Norman Williams and Judy Harkins
RERC on Universal Telecommunications Access
Gallaudet University

Brief History of TTY

  • Method of coupling TeleTypewriters to the PSTN invented in 1964 by deaf physicist Robert Weitbrecht
  • AT&T donated many old TTYs to make the network grow
  • In the mid-1970s portable units entered the market
  • New models developed throughout 1980s and 1990s
  • TTY modems introduced in 1980s
  • TTYs for pay phones developed in late 1980s

Which Term to Use?

  • TTY refers to the TeleTypewriter, used for telegram and military communications.
  • When a smaller unit came out, it was decided to label this class of equipment as Telecommunications Device for the Deaf, or TDD.
  • When FCC issued a rule on telecommunications relay service, it adopted the European term text telephone but this term fell into disuse because, when signed, it looks like the sign for "bathroom."
  • Deaf and hard of hearing people today use "TTY."

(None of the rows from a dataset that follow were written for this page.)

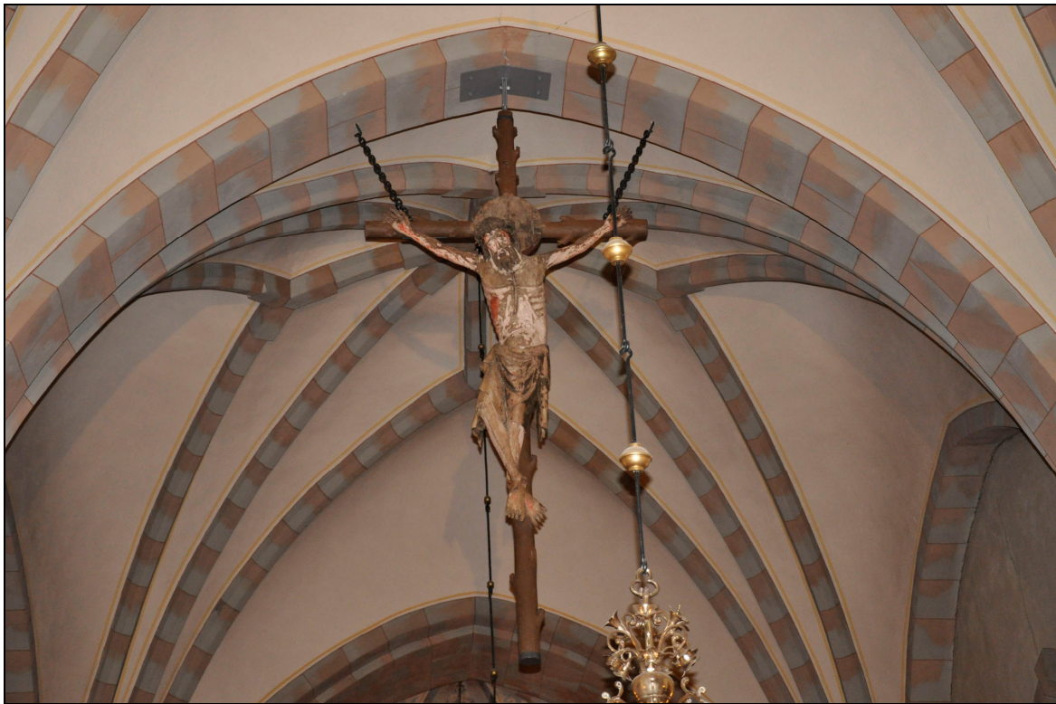
Krucifixet på plats i den andra valvbågen. Bildnr Vlm_kmoIM-402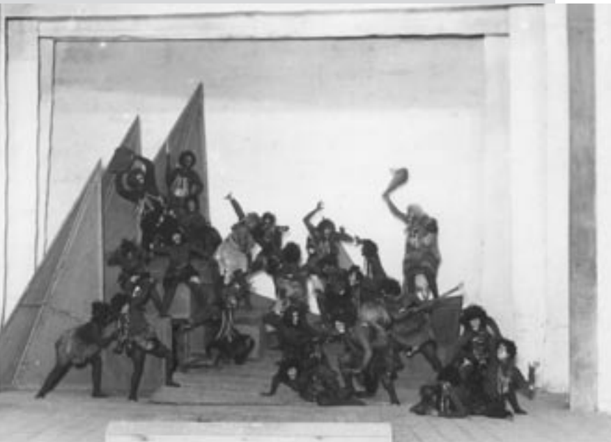
Сцена з вистави “Хубеане” Р. Побідимського. Режисер – В. Вільнер, художник – Б. Косарев. Перший державний театр для дітей (Харків), 1924 р. Друкується вперше.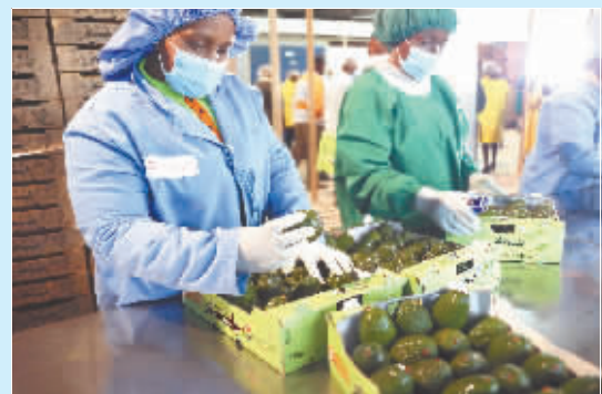
非洲鲜食牛油果出口中国。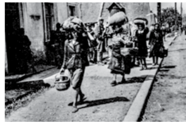
Избегани селани се враќаат во Дуго Село – Загреб. Мај 1945 година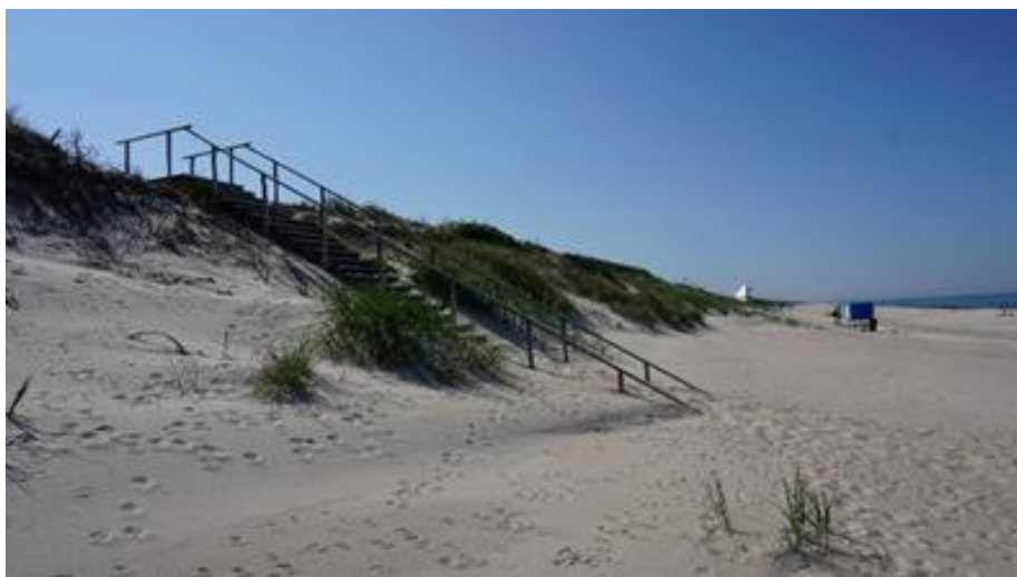
2016 metai, pavasaris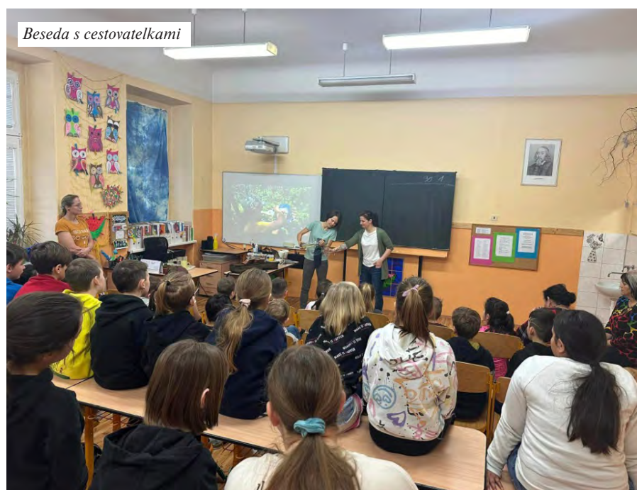
Beseda s cestovatelkami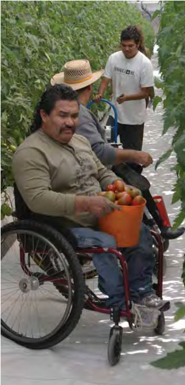
Beneficiados con el "Programa de Proyectos Productivos".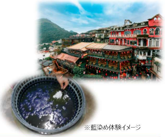
※藍染め体験イメージ

・九份地区 茶芸体験 ・三峡地区 藍染体験 ・国立故宮博物院見学 現地の歴史施設や伝統文化体験を通じ、異文化理解を深めます。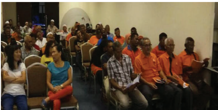
Antara perwakilan dan pemerhati yang hadir pada mesyuarat agung AMANAH Parit Buntar.

"Pengundi Cina dan India kekal memberi sokongan kepada PH, manakala peningkatan sokongan pengundi Melayu kepada PH sangat ketara selepas PPBM menyertai PH," katanya ketika ditemui semasa Mesyuarat Agung AMANAH Parit Buntar kali pertama di Pekan Lama, dekat sini, baru-baru ini.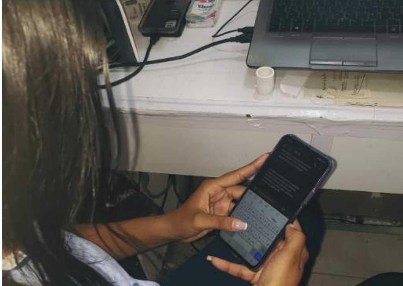
Las personas tienen mecanismos que les facilitan eliminar o restringir este tipo de mensajes.

Como se dijo, antes de presentar una queja a la SIC, es necesario surtir el trámite con la empresa. En cuanto no hay un mecanismo para revocar todas las autorizaciones en bloque, este proceso debe hacerse de manera manual,

Telecommunications Relay Service

  • Telecommunications Relay Service bridges the communication gap between voice telephone users and people who have disabilities of hearing or speech.
  • Mandated by the Americans with Disabilities Act, Title IV, for 24/7 service nationwide.
  • Funded by LECs and IECs, provided by vendors. Most TRS contracts are with IECs.
  • Use of service is free.
  • Supports Voice Carry Over and Hearing Carry Over.
  • Supports Baudot, ASCII, and in some states Turbocode.
  • About 95% of calls through relay are in Baudot.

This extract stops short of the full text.